Warning: This article contains spoilers for the plot of “Glass Onion.”
Partway into “Glass Onion,” the new sequel to 2019 murder mystery “Knives Out,” tech billionaire Miles Bron (Edward Norton) excitedly outlines the “murder mystery” game he has devised for his guests. But his glee is cut short by one guest, private detective Benoit Blanc (Daniel Craig). Within seconds, Blanc solves Bron’s mystery, much to the billionaire’s chagrin. By the film’s end, thanks to Blanc and his client Helen Brand (Janelle Monáe), Bron hasn’t just lost his party theme. He’s destroyed his reputation, exposed himself as a murderer and incinerated his house — and the “Mona Lisa” to boot.

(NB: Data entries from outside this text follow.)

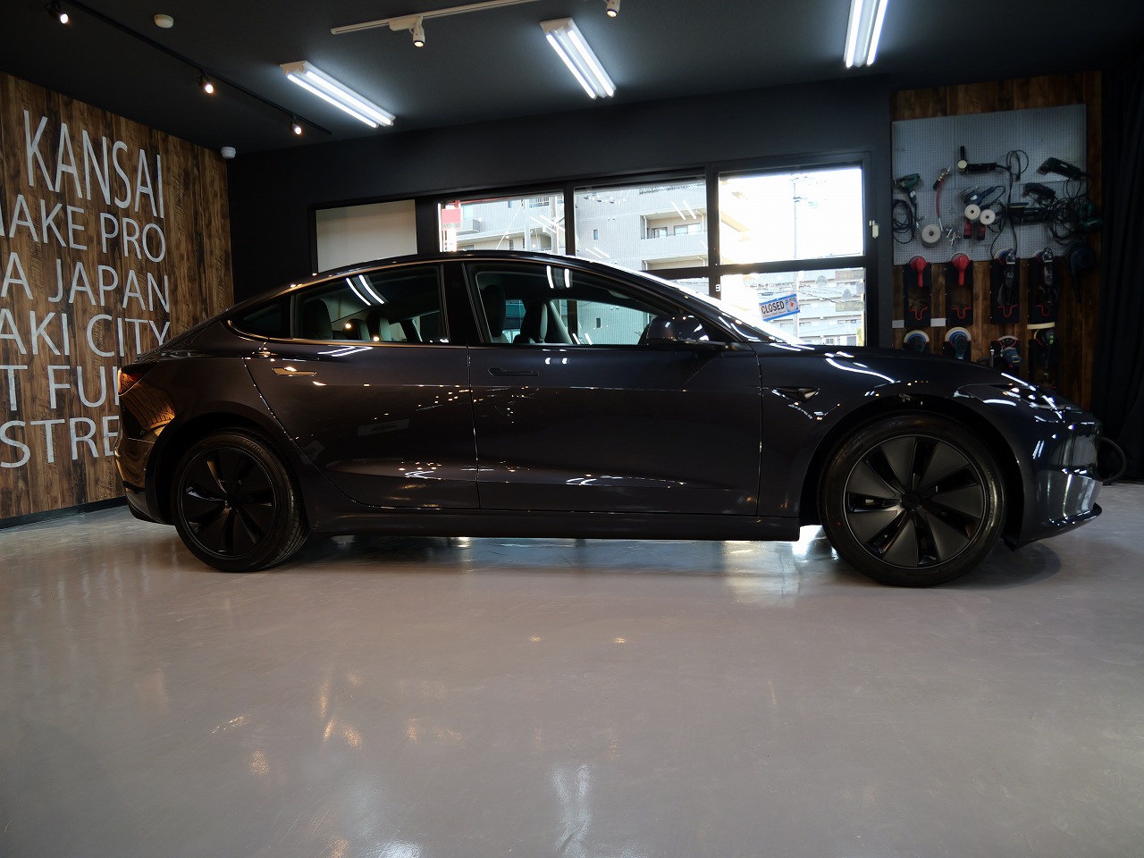 大阪府四条畷市より当店のリピーター様がテスラ モデル3をお持ち下さいました!ボディカラーは
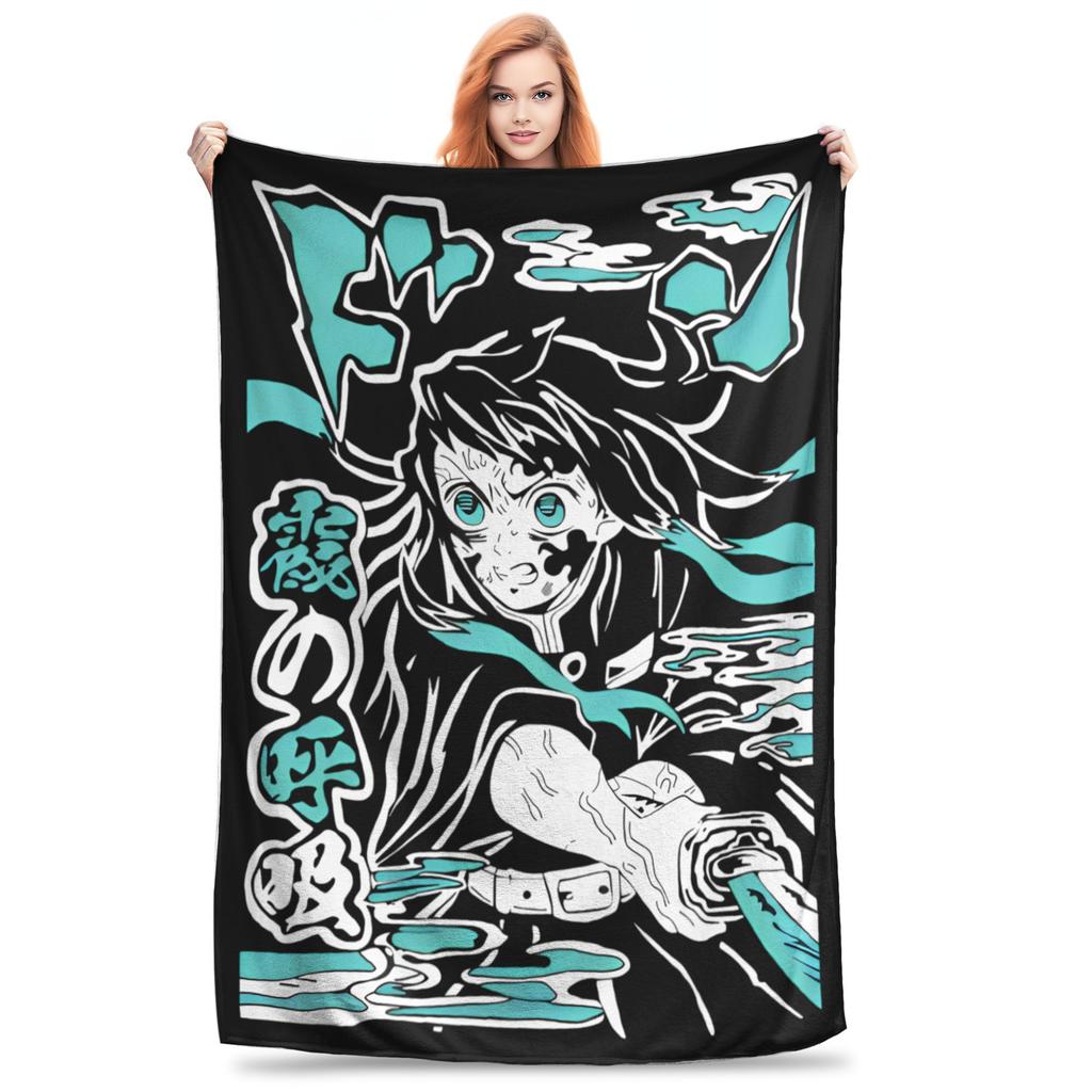 Muichiro Tokito Blankets Coral Fleece Plush Anime Demon Slayer Warm Throw Blankets for Airplane Travel Bedroom Quilt
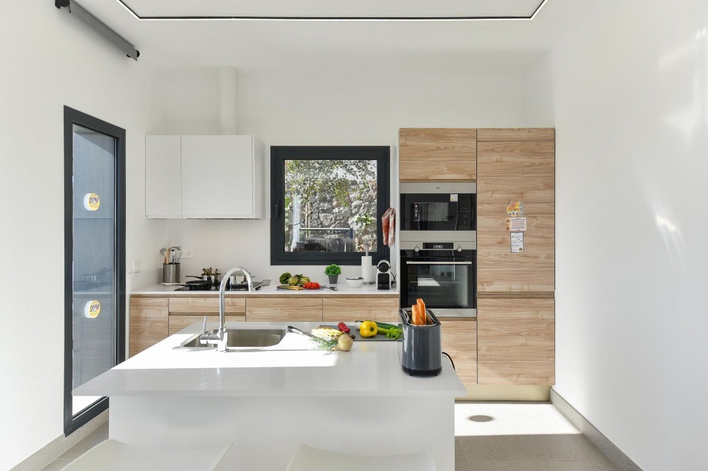 The open-plan living area seamlessly combines lounge, dining, and kitchen spaces. The lounge offers plush seating, a flat-screen TV, and direct access to the terrace, creating a perfect setting for relaxation or entertaining. The fully equipped kitchen includes an oven, dishwasher, washing machine, and dryer, providing all the conveniences needed for a comfortable stay.
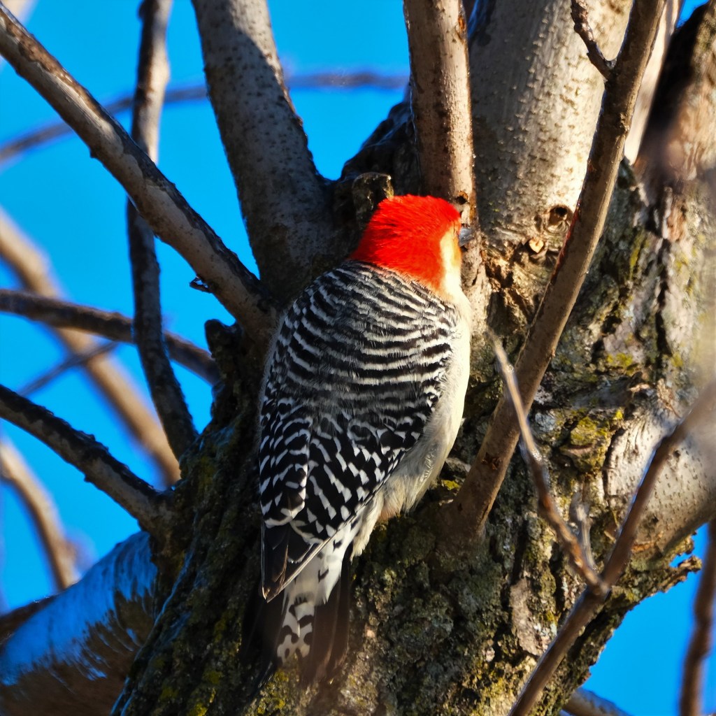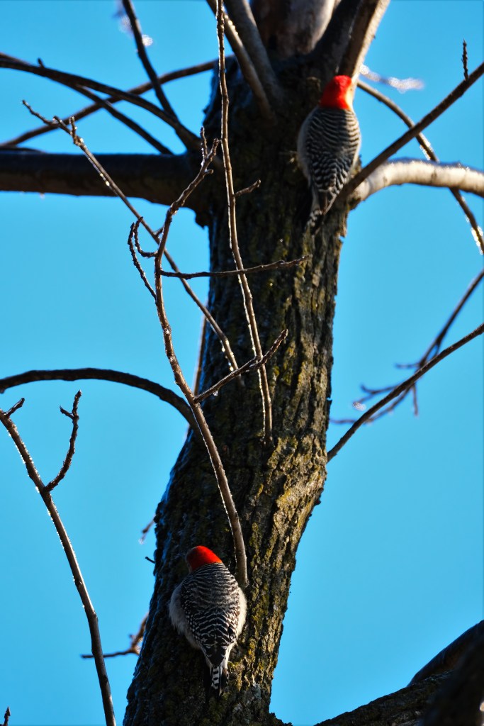 By the river, near the southern edge of the ice sheet, I spotted this pair of red-bellied woodpeckers up to something I haven’t seen before. Here are the two of them.

It all makes Miles Bron the perfect villain for 2022: a tycoon far dumber than he realizes.
Thanks to recent headlines, for many viewers, Bron’s mixture of bluster, hubris and half-baked ideas will likely bring to mind Twitter owner and part-time car enthusiast Elon Musk. But, as Norton has noted, he and writer-director Rian Johnson based Bron on multiple (unnamed) real-life billionaires and tech figures, not one specific person. The movie’s root conflict — Bron’s ouster of Helen’s sister Cassandra (Monáe) from the company they co-founded based on Cassandra’s idea — evokes Mark Zuckerberg’s battles in building Facebook. His proselytizing for a not-ready-for-prime-time technology — in this case, an unstable hydrogen fuel — recalls Elizabeth Holmes. His wardrobe of T-shirts and necklaces suggests Sam Bankman-Fried and other casually attired entrepreneurs.

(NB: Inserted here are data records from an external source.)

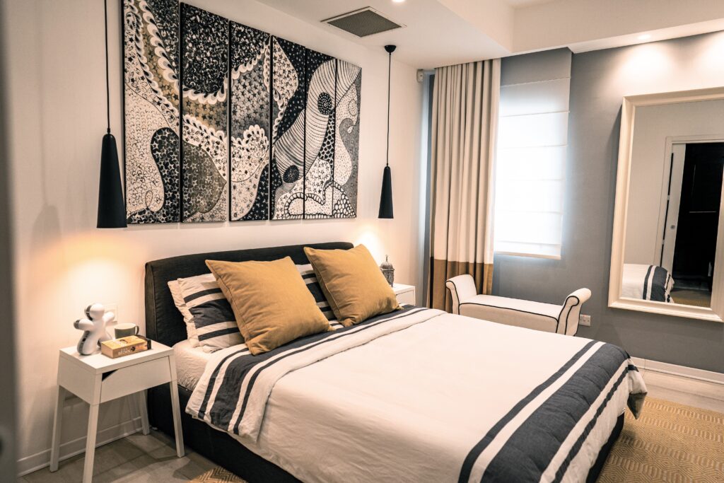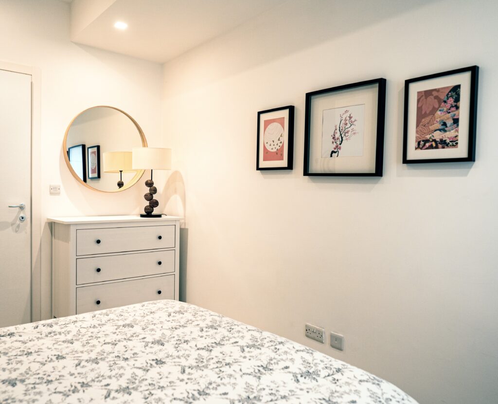The main bedroom’s ensuite was knocked down due to its awkward angling and was made to extend into the bedroom so as to include a walk-in shower.
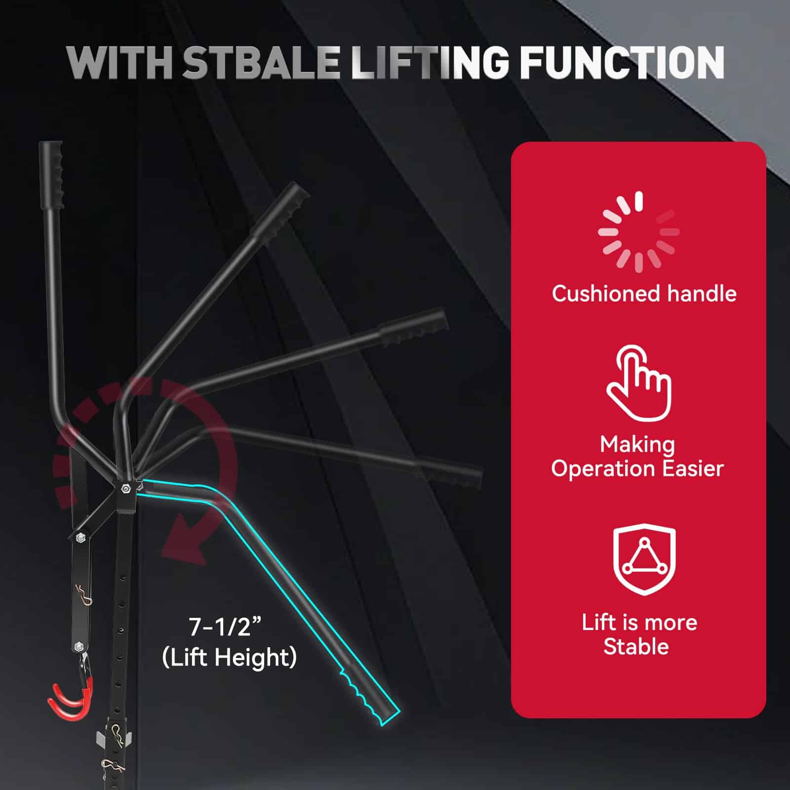 2. Diseño de soporte elevador para motonieve con dimensiones ajustables, los niveles de altura ajustable van desde 18 pulgadas hasta 33.9 pulgadas, el gancho es lo suficientemente ancho como para rodear el enganche de remolque, la altura ajustable facilita encontrar la configuración adecuada para elevarla lo suficiente como para colocar el carrito de manera fácil debajo de la pista.
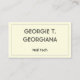 This modern, classy, and simple business card design features a light tan background, and a single-line border. It could be used by a professional such as a nail tech, manicurist, pedicurist or nail artist. The name, profession and contact details can be personalized.
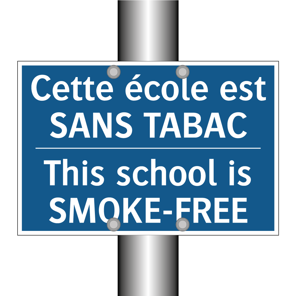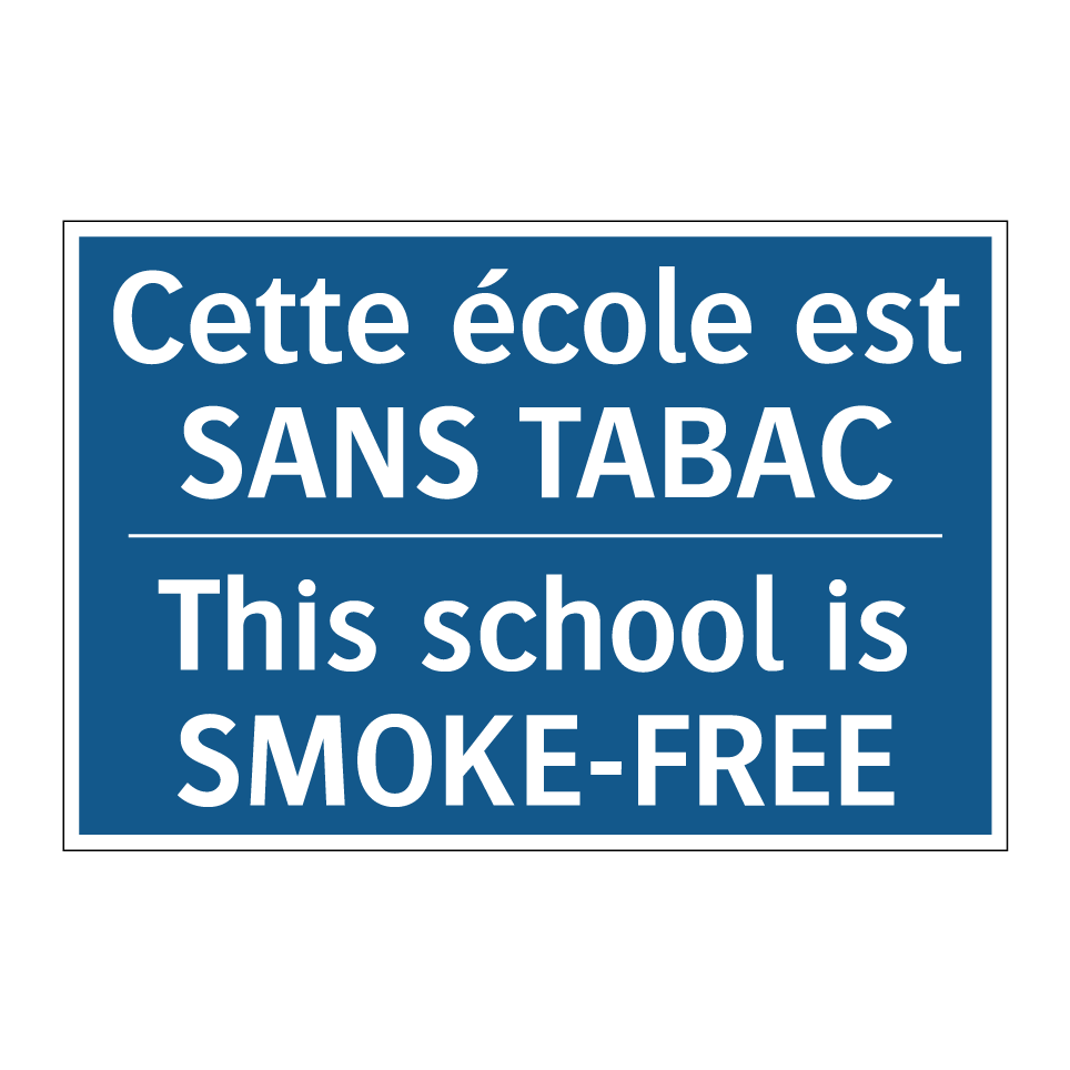 Panneau d'obligation bilingue avec texte en français : "Cette école est SANS TABAC", et en anglais : "This school is SMOKE-FREE"

Like all these figures, Bron is utterly convinced of his own genius. He speaks passionately of being a “disrupter.” He portrays himself as an innovator, even though he stole his co-founder’s ideas. His island is only accessible via a glass dock that looks impressive, but is only accessible at low tide, with the local police referring to it as a “piece of s—.” He brushes aside warnings that his hydrogen fuel is too unstable — heedlessness that literally blows up in his face. And he attempts to pull off multiple murders under the nose of the world’s greatest detective.
That wealth, luck and success in one field at one time does not bestow world-spanning expertise is not a new idea. Any moderately knowledgeable sports fan can rattle off a dozen owners whose resources far outpace their abilities, from the Washington Commanders’ Daniel Snyder to Manchester United’s Glazer family. The annals of business are littered with companies and executives who flamed out spectacularly after mistaking one success for utter infallibility.
But it is Blanc’s initial difficulty in identifying Bron as the culprit that explains why we’re stuck seeing this lesson play out time and again. From the moment Helen Brand brings her case to Blanc, Bron is the obvious suspect. Blanc — and the viewer — wants the solution to be more complicated, to contain some sort of hidden brilliance. And even when Blanc lays out the crudeness of Bron’s plan, his friends still cling to the myth of his genius. “It’s so dumb, it’s brilliant!” gasps Birdie Jay (Kate Hudson).